Iwata - “Expanding the Game Population” brought about new kinds of customers that we never could have even dreamed of.

Takeuchi - There’s actually an even more extreme example.

Iwata - Takeuchi-san, during the Concierge period you collected a massive amount of data, didn’t you?

Takeuchi - Yes, every week we had about 300 comments come in, and reading those, there were some really big surprises. For instance, customers who would buy DS software and then ask “how do you put this in the DS?”

Iwata - What?

Takeuchi - The package is huge, right? It seems that they had trouble because that whole package couldn’t possibly fit in the DS.

Iwata - WHAT?!

Takeuchi - Apparently a parent in their 50’s and their child in their 20’s had this experience. At that point, over 23 million DSes had been sold, so all kinds of people had one, but even then…

Iwata - So it’s actually incredibly arrogant of us to think that, just because the DS has become so prevalent that it would be common knowledge to know how to use one.

Takeuchi - I’d say so. So after tallying up all of the concierge information we learned that the actual percentage of customers who actually knew the names of the product and actually had an idea of what the game content was, was only about 10 percent, and almost half of customers knew nothing at all.

Iwata - We were only able to deploy concierges to about 30 stores across the country, so in actuality there must be a lot of customers at all of the massive number of other stores that were never able to find the product they wanted.

Takeuchi - Indeed, so I felt that this was more dire than we realized.

Hatano - In order to deal with the fact that those kinds of customers have increased it would obviously be necessary to acquire the cooperation of the retailers.

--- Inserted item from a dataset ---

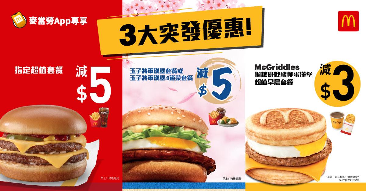 麥當勞App為大家帶來最新3大驚喜優惠,包括選購指定超值套餐減$5、玉子將軍漢堡套餐減$5,以及 McGriddles 早晨套餐減$3 優惠,讓大家早午晚都可以歎盡麥當勞美食!
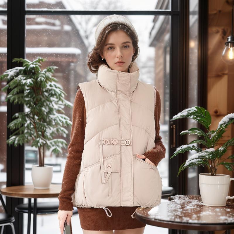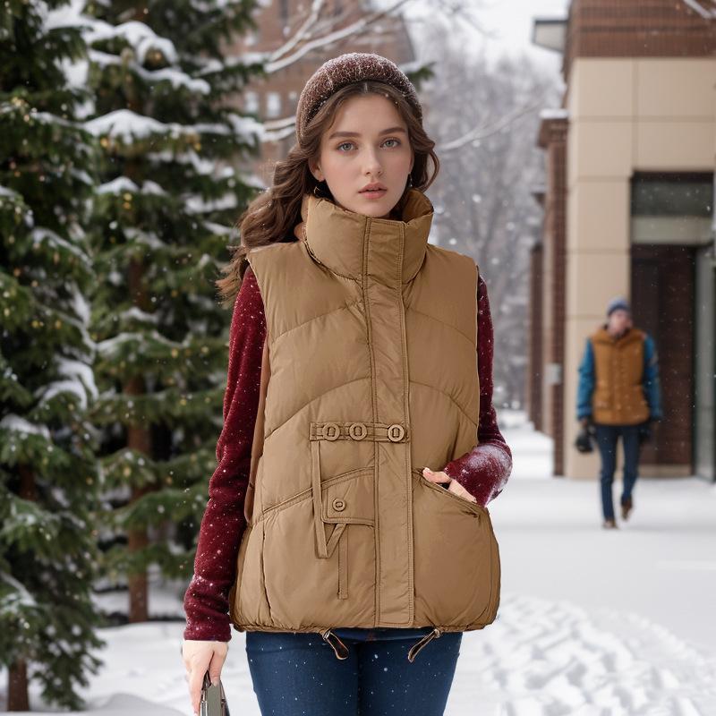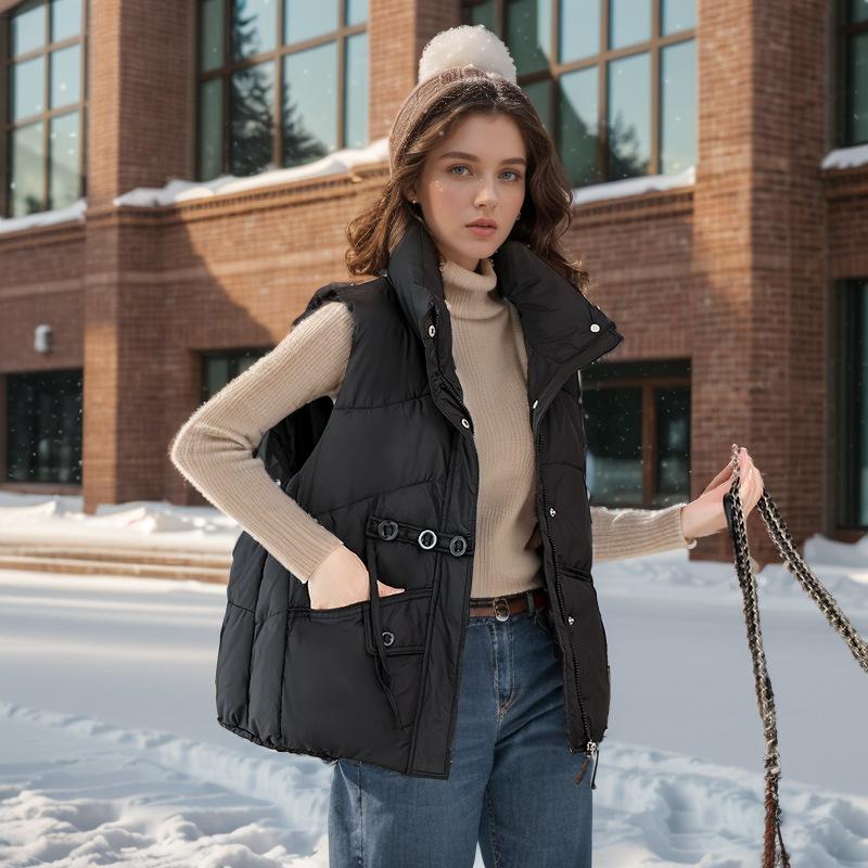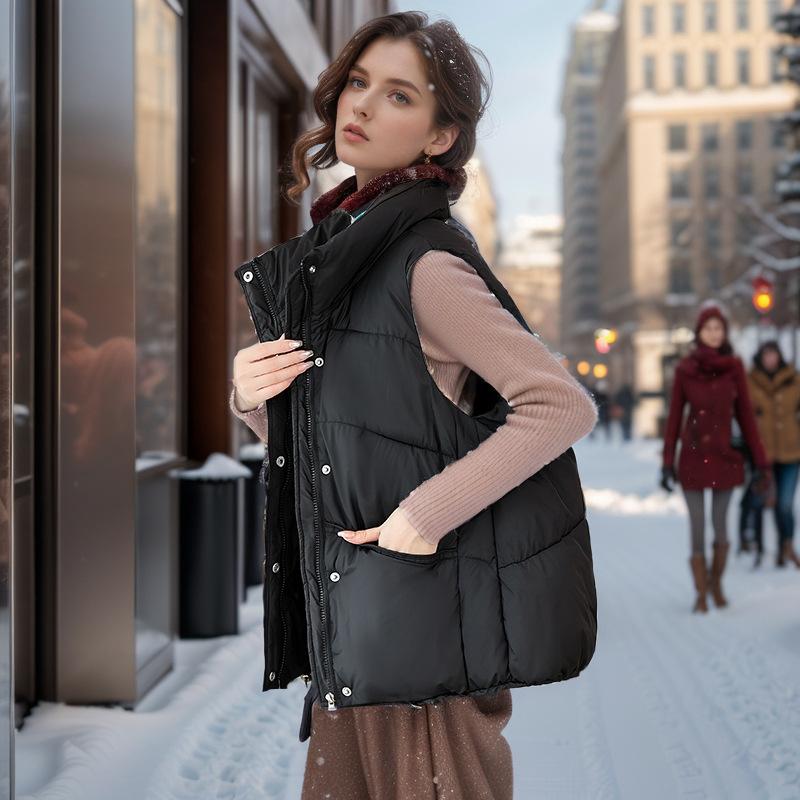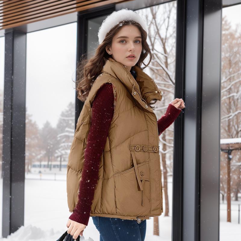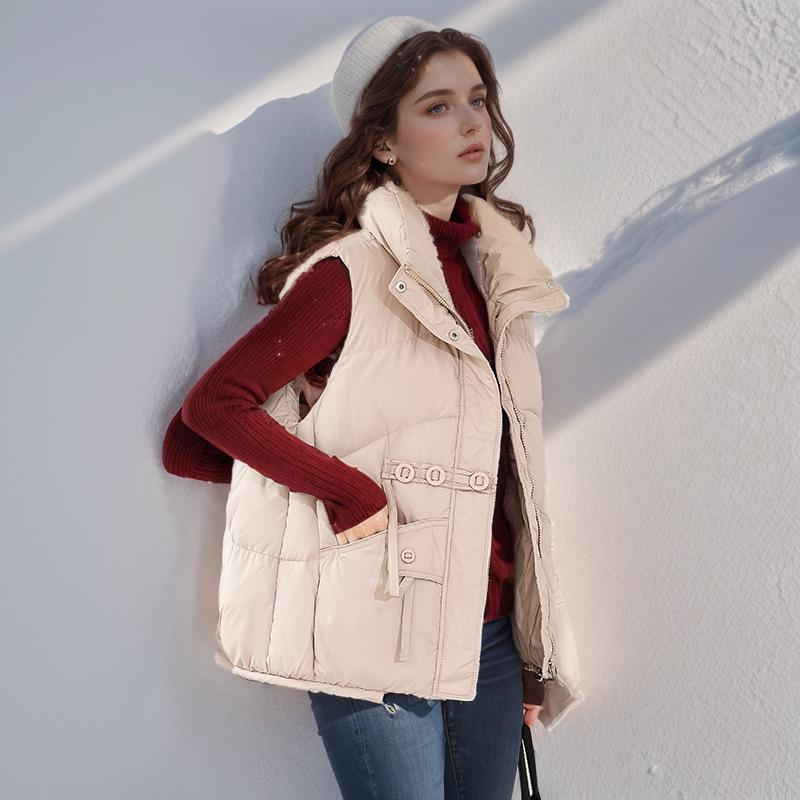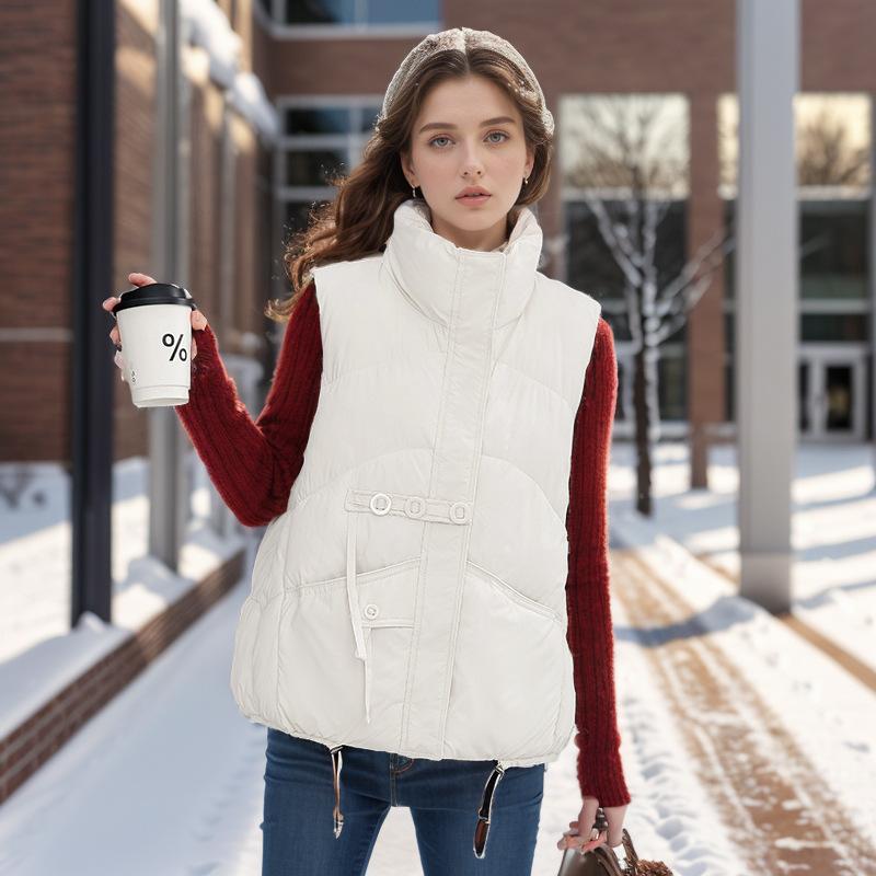 Chaleco de algodón de plumón transfronterizo europeo y americano para mujer, nuevo chaleco corto estilo coreano 2024, chaqueta acolchada de algodón sin mangas para mujer

And I felt strongly that it would be imperative that we properly follow up.

Takeuchi - At that point I felt that it was important to rethink things from the ground up, so I decided we should create pamphlets: “To First-Time DS Users.” and “To First-Time Wii Users.”

Iwata - Those wide pamphlets placed at retailers.

Takeuchi - When you open the “To First-Time Wii Users” pamphlet, on the first page it starts with “What is Wii?” and on the next page, on the right, it says “A game player that you connect to the TV and insert games for playing.” For us that’s just common sense, but we realized through the concierge data that such pamphlets were needed at retailers.

Iwata - People who are in the game industry can take for granted that the things they consider common sense may not be. So it seems having assumed that there must be some customers who are having problems, once you went to retailers and researched yourselves you found that the root of the problem was even deeper than you feared, and were made aware that certain things had to be properly relayed and taught to people.

Takeuchi - Yes, we were made aware of that.